Posted on 16 September 2009 by Blog Kesuksesan Hidup

Blog Kesuksesan Hidup | Perbedaan Antara Orang Yang Reaktif Dengan ProaktifArtikel saya kali ini akan membahas tentang Perbedaan Antara Orang Yang Reaktif Dengan Proaktif. Mengetahui apakah kita tergolong orang yang reaktif ataukah proaktif merupakan hal penting, yang dapat kita jadikan sebagai salah satu landasan dalam meraih kesuksesan hidup, karena jelas bahwa tingkat kesuksesan hidup yang akan diraih oleh orang yang reaktif dengan orang yang proaktif akan sangat jauh berbeda.

Sebelum saya membahas lebih lanjut mengenai Perbedaan Antara Orang Yang reaktif Dengan Proaktif, saya tetap berharap kiranya sahabat blogger dan pembaca setia artikel-artikel Blog Kesuksesan Hidup dalam keadaan baik serta tetap semangat dan selalu berusaha melakukan yang terbaik apapun aktivitas positif sahabat semua.

Dari referensi yang saya baca dalam hal ini adalah buku The Seven Habits Of Highly Effective People, saya berkesimpulan bahwa perbedaan mendasar antara orang yang reaktif dengan proaktif, terletak pada respon mereka terhadap setiap stimulus yang mereka terima.
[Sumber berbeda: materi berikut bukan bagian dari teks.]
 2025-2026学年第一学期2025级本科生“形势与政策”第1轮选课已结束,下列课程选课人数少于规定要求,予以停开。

Respon dari orang yang reaktif terhadap setiap stimulus merupakan fungsi dari pengkondisian dan kondisi mereka, berdasarkan perasaan. Sedangkan, respon dari orang yang proaktif merupakan produk atau hasil dari pilihan sadar mereka, berdasarkan nilai.

Untuk lebih jelas mengenai Perbedaan Antara Orang Yang Reaktif Dengan Proaktif, berikut ini saya berikan, sebut saja Ciri-Ciri Dari Orang Yang Reaktif Dan Orang Yang Proaktif.
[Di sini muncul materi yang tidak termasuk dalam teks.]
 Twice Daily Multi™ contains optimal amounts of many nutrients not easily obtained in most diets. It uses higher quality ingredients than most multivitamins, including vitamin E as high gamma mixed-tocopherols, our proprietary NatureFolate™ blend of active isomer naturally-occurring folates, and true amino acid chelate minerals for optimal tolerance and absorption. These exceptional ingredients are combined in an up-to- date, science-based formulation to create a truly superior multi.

Ciri-Ciri Orang Yang Reaktif:
  • Respon dari orang yang reaktif terhadap stimulus merupakan fungsi dari pengkondisian dan kondisi mereka. Dengan kata lain respon dari orang yang reaktif ini merupakan produk dari kondisi mereka, berdasarkan perasaan.
  • Seringkali menyalahkan keadaan, kondisi dan pengkondisian untuk perilaku mereka.
  • Dipengaruhi oleh lingkungan sosial mereka. Jika lingkungan sosial menurut mereka menyenangkan, merekapun akan senang, begitupun sebaliknya.
  • Digerakan oleh perasaan, keadaan, kondisi dan lingkungan.
  • Bahasa-bahasa reaktif: "Tidak ada yang dapat saya lakukan", "Memang sudah begitulah saya", "Saya terpaksa melakukan itu", "Seandainya saja"
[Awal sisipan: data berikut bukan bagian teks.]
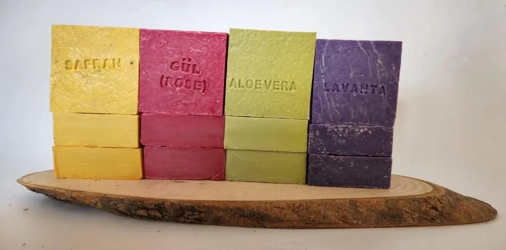 Doğal Üretim Sabunu Karışık (Safran-Gül-Lavanta-Aleovera) 12'li Set Cildi kurutmadan temizler nem vererek pürüzsüz bir bakım sağlar.Saç dökülmesini engellemede Saç beyazlama sürecini yavaşlatmada yardımcıdır.Ürünlerimizi El,Yüz,Saç Ve Beden Temizliğinde Kullanabilirsiniz.Uzun Süre Kullanabilmeniz İçin Islak Zeminde Bırakmayınız.Serin ve kuru yerde muhafaza ediniz.TS 54 ve 5324 Yeni Kozmetik Yönetmeliği Standartlarına Uygun Olarak Dermotolojik Testleri Yapılmıştır.

Ciri-Ciri Orang Yang Proaktif:
  • Respon dari orang yang proaktif terhadap stimulus merupakan produk atau hasil dari pilihan sadar mereka, berdasarkan nilai.
  • Tidak menyalahkan keadaan, kondisi dan pengkondisian untuk perilaku mereka
  • Tetap dipengaruhi oleh stimulus luar, namun respon mereka terhadap stimulus tersebut, sadar atau tidak sadar, didasarkan pada pilihan atau respon yang berdasarkan nilai tertentu.
  • Digerakan oleh nilai-nilai yang sudah dipikirkan secara cermat, diseleksi dan dihayati
  • Bahasa-bahasa proaktif: "Mari kita lihat alternatif yang kita miliki", "Saya dapat memilih pendekatan yang berbeda", "Saya akan memilih respons yang sesuai", "Saya akan"
Supaya lebih mudah memahami Perbedaan Antara Orang Yang Reaktif Dengan Proaktif, berikut ini saya berikan sebuah contoh yang sangat sederhana, yang mungkin sering terjadi dalam kehidupan kita sehari-hari.
Misalnya kita adalah seorang karyawan, mahasiswa, pelajar.
Ketika pimpinan, dosen, guru, rekan kerja atau teman-teman kita, melakukan perbuatan yang tidak menyenangkan, dimana hal ini tentu saja akan menciptakan suasana (kondisi) yang tidak nyaman bagi kita.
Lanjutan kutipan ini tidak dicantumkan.